The task:
What you give back from the listing below should be an exact copy of the lines from the one with "Кроме того, ужесточается" down to the one with "The seersucker weave", and it should contain no pictures.

Task inputs:
*** Block opens ***

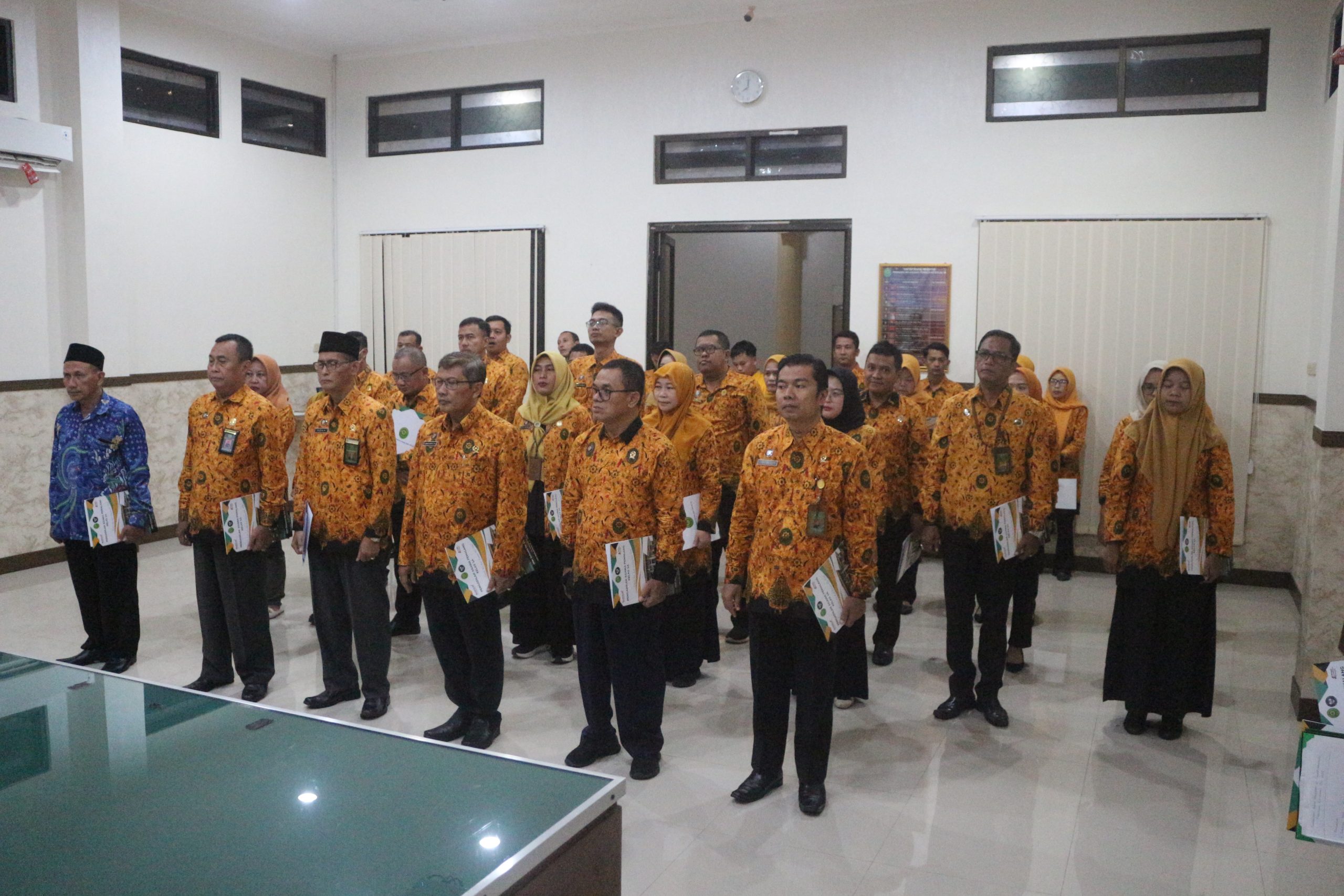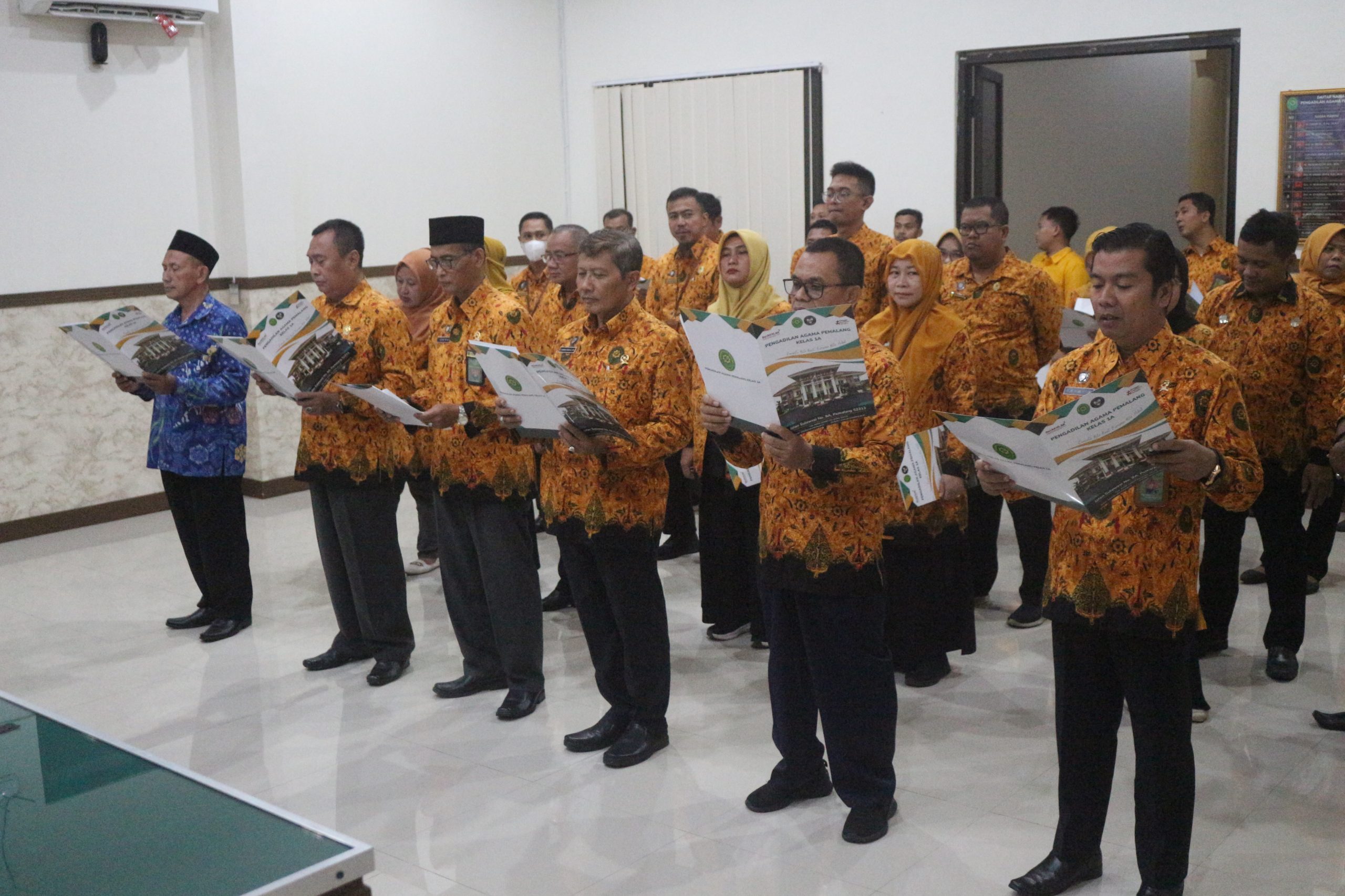 Pelaksanaan ini diawali dengan pengucapan Komitmen Bersama, disusul dengan penandatanganan dokumen oleh seluruh aparatur sebagai bentuk janji setia terhadap profesi dan Negara.
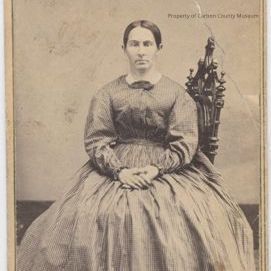 Black and white portrait on a mat with double thin line around. Woman is sitting on a chair, hands crossed in lap. She is wearing a checked dress, white collar and bow. Her hair is parted in the middle and pulled back.
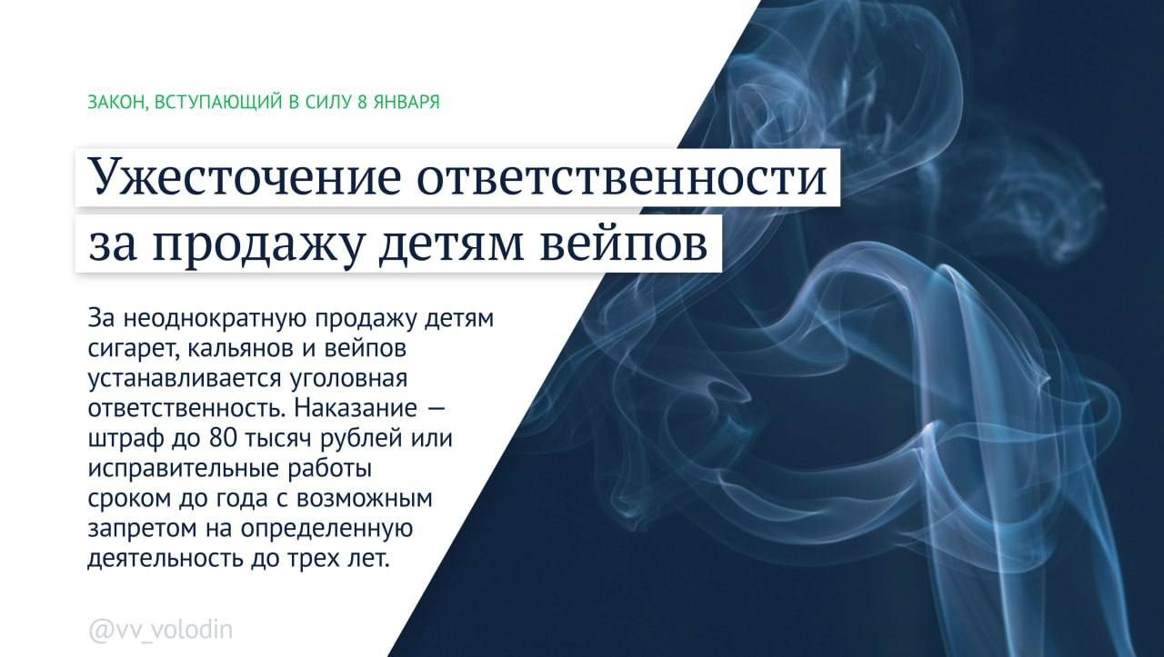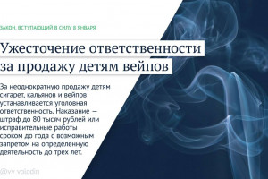 Кроме того, ужесточается ответственность за продажу вейпов несовершеннолетним.
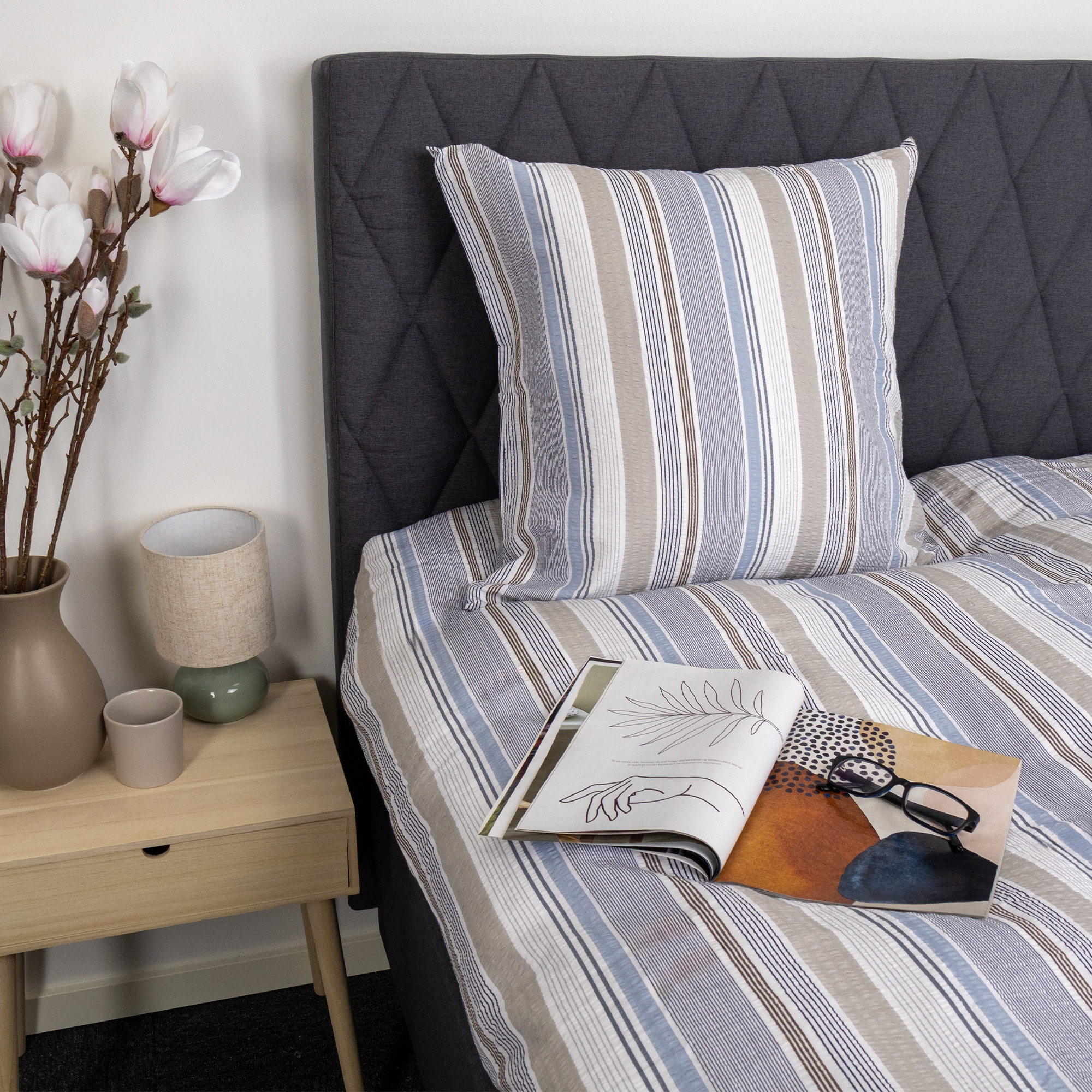 The seersucker weave creates small air pockets in the fabric, making the bedding extra breathable and easy to sleep in. The surface feels cooler against the skin than traditional smooth bedding and is therefore particularly suitable for warm nights or for those who often get hot while sleeping. At the same time, the cotton retains its natural softness and moisture-absorbing properties, giving you comfortable and dry sleeping comfort.
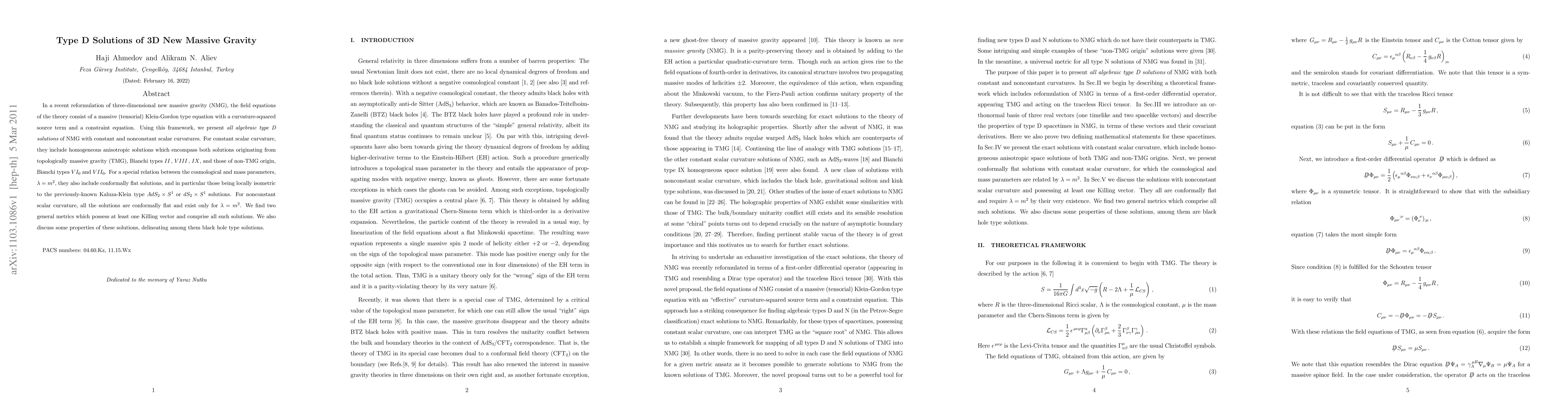 In a recent reformulation of three-dimensional new massive gravity (NMG), the field equations of the theory consist of a massive (tensorial) Klein-Gordon type equation with a curvature-squared source term and a constraint equation. Using this framework, we present all algebraic type D solutions of NMG with constant and nonconstant scalar curvatures. For constant scalar curvature, they include homogeneous anisotropic solutions which encompass both solutions originating from topologically massive gravity (TMG), Bianchi types II, VIII, IX, and those of non-TMG origin, Bianchi types VI_{0} and VII_{0} . For a special relation between the cosmological and mass parameters, \lambda=m^2, they also include conformally flat solutions, and in particular those being locally isometric to the previously-known Kaluza-Klein type AdS_2xS^1 or dS_2x S^1 solutions. For nonconstant scalar curvature, all the solutions are conformally flat and exist only for \lambda=m^2 . We find two general metrics which possess at least one Killing vector and comprise all such solutions. We also discuss some properties of these solutions, delineating among them black hole type solutions.
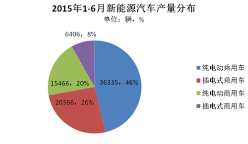 从车型分布来看,纯电动乘用车仍是整个新能源汽车市场的主力车型,2015年上半年生产36355辆,占总体产量的45%。其次是插电式乘用车生产20366辆,占比26%。新能源乘用车整体占比由去年的65%提升了7个百分点,私人市场进一步扩大。
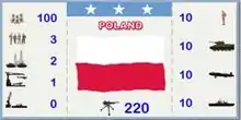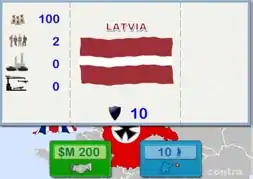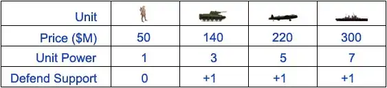 • Resource provided to player by Country. In example is $M 200, 4 Infantry, 4 Tanks, 2 Aircraft and 1 Battleship each turn.
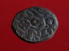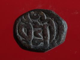 | Description / विवरण | Copper dam fulus of Akbar 962-1014 AH; 1556-1605 AD , from the Narnaul mint. Obverse, fragments of zarb fulus Narnaul and quatrefoil Reverse, fragments of sanh fi 982 nuhsad - . |
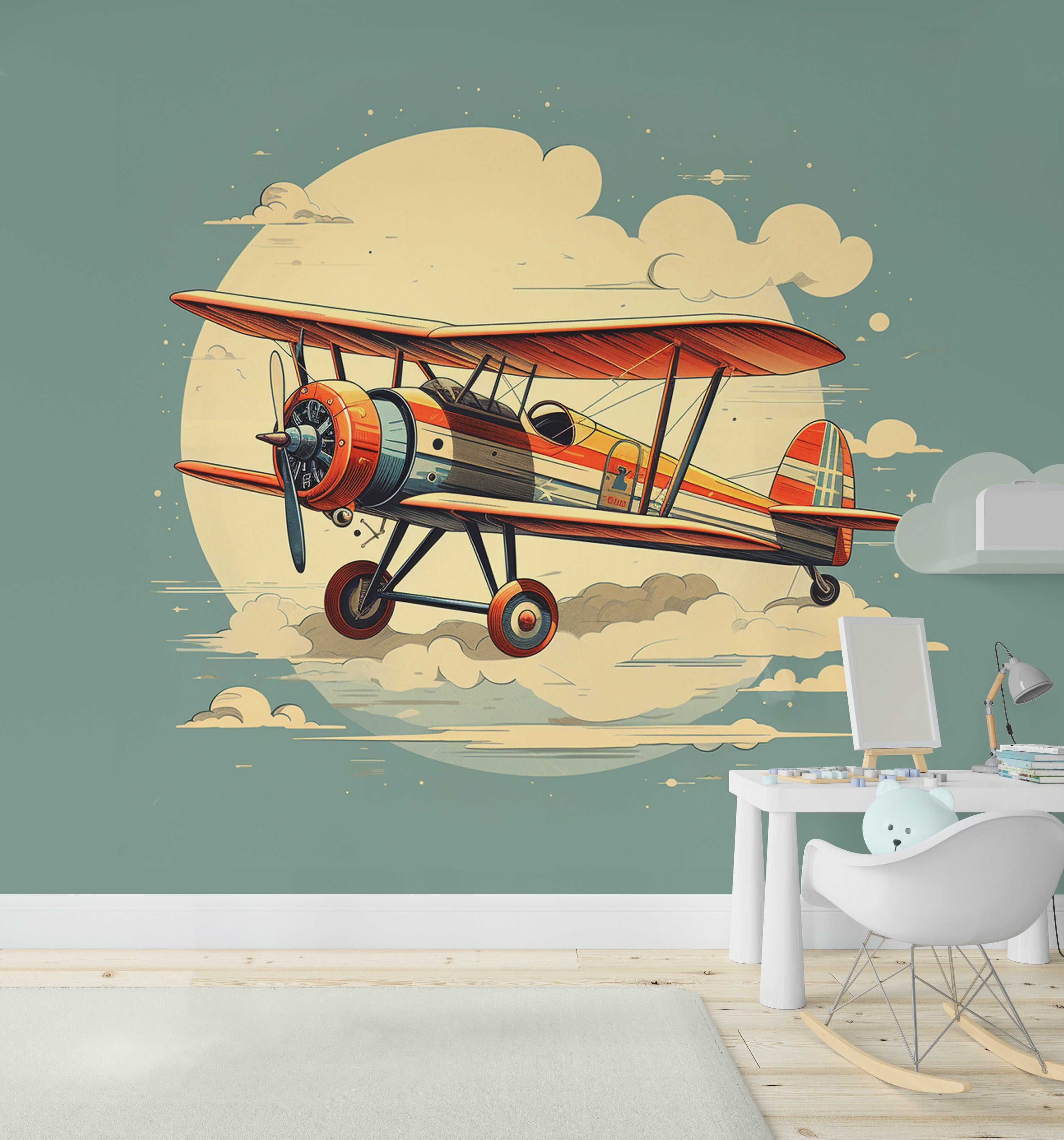 Introducing KD 0010, a premium mural featuring a vintage plane. Bring a touch of sophistication to your space with this exquisite wallpaper. Transform any room into a work of art, reminiscent of a bygone era. Elevate your interior design and create a luxurious atmosphere.
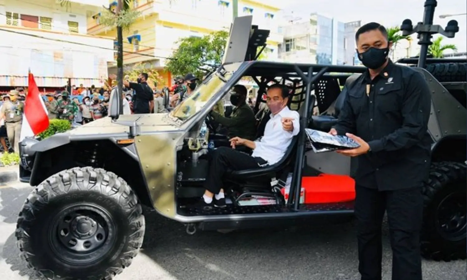 Kendaraan yang masuk kedalam kategori mobil tempur itu dipilih Jokowi untuk memperkenalkan mobil taktis asli buatan Indonesia itu kepada masyarakat.
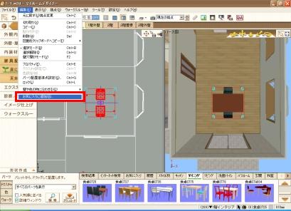 ナビの [ 家具配置 ] − [ 床に置く ] を選択します。

*** Block closes ***

Result for this task:
 Кроме того, ужесточается ответственность за продажу вейпов несовершеннолетним.
 The seersucker weave creates small air pockets in the fabric, making the bedding extra breathable and easy to sleep in. The surface feels cooler against the skin than traditional smooth bedding and is therefore particularly suitable for warm nights or for those who often get hot while sleeping. At the same time, the cotton retains its natural softness and moisture-absorbing properties, giving you comfortable and dry sleeping comfort.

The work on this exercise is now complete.